Many people don’t like the idea that there is actually an intended way to run RPGs because it means they have been doing it wrong, and people don’t like being wrong.
Still, I reiterate:
Storytelling Games are not RPGs
Everything I’ve said that wasn’t about a specific RPG’s procedures also applies to Storytelling Games. If you try to play a storytelling game like BITD in the style of a traditional RPG, it’s either a bad time or it doesn’t even make sense. John Harper had to make a video that explicitly breaks down how rolling the dice only functions in a mutually exclusive use case to how dice rolls work in a traditional RPG. Yet knowledge of how BITD works is helpful for Microscope, and vice-versa. They sprung from the same theory, which is why they do belong in the same category.
If you’re driving nails with the butt of a screwdriver, someone who tells you you’re using the wrong tool and tries to hand you a hammer is trying to help you, not a gatekeeper. Even if you’re already having fun, you’ll have a better time. Or you might realise you wanted a screw instead of a nail all along.
In follow up articles I’ll expand on some of the points here, as well as respond to more of Zornhau.
I also acknowledge the many RPGs where the intent is “put it in because D&D did it.”
Or even if the designer fully understands it. Many designers made functional games without fully understanding what they were doing, it was the nature of the new medium. The results were often less than stellar when they mixed the wrong assumptions in with the design conventions from traditional RPGs.
Ron and company spent considerable effort expounding how to analyse the “Creative Agenda” a system was intended for when the system did not tell you, using their framework. They correctly identified that some games did not convey the intended procedures. But they also rejected the ones that did.
In Forge terms, Author Stance vs Actor Stance. Actor Stance as described is roleplaying: making decisions using only knowledge and perceptions that the character would have.
Or “Creative Agenda” as they would have said.
See Footnote 4: “In Author stance, a person determines a character's decisions and actions based on the real person's priorities, then retroactively "motivates" the character to perform them.” The real person’s priorities maybe, and often are ‘tell the story I want to tell.’
The very fact that I have to use “simulationism” shows how successful their endeavour was.
Excellent article.
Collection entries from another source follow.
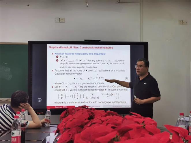 李高荣教授首先以彩票为例,介绍了一系列高维假设检验的背景。针对实际遇到的高维假设检验问题,通过引入FDR方法,针对一系列非线性模型,基于knockoff矩阵,提出了高维假设检验方法。最后,讨论了阈值的选取以及检验的性质。报告结束后,李教授与在场的老师和同学进行了交流。
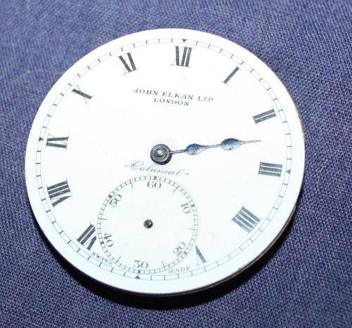 John Elkan LTD London, Colonial Pocket watch, not working. only has one hand. marked on the inside Gauranteed J Boss 20 years, 8153264, Inside the watch swiss made 15 jewels. Postage R30.00
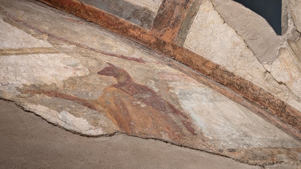Many of the ancient obelisks had been parts of temples, removed and reset in later times. We also got a sense of just how pervasive Egyptian art, architecture, and deities were in ancient Rome with a glimpse at a fresco showing Anubis, the jackal-headed Egyptian god of death, in the ruins of a Roman house pre-dating the construction of the Baths of Caracalla by several hundred years.
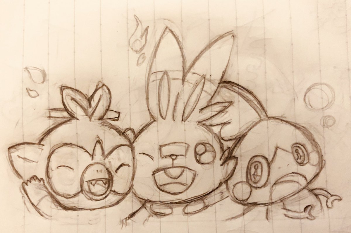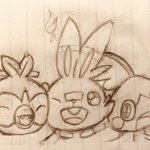 今更やけど、御三家描いたあぁぁぁぁ (デジタル化は気分で) #rkgk #ポケモン剣盾
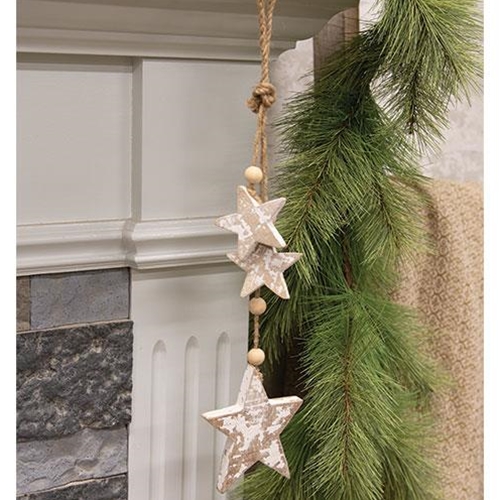 The Beaded Triple Star Hanger is a decorative knot of jute rope, strung with round wooden beads and featuring wooden star charms, complete with a brushed white finish. This hanger brings a rustic touch to the home during Winter and Christmas, displayed hanging on a Christmas tree, shelf, mantle, or other space. Measures 18” long.

I really appreciate that you hammer home the point that following a game's intended procedure makes it *easier* to run and play. That is exactly what I discovered for myself years ago. When I started DMing in 2009, I thought AD&D was something I could freely tweak to suit my tastes, and when I stopped doing that and started trying to discover the procedures and conform to them (which took me ~2 years to start doing), my games *immediately improved.*
I wish you'd list the procedures for AD&D as an example. Whether intuitive or explicit in the text. Just so I know we're on the same page.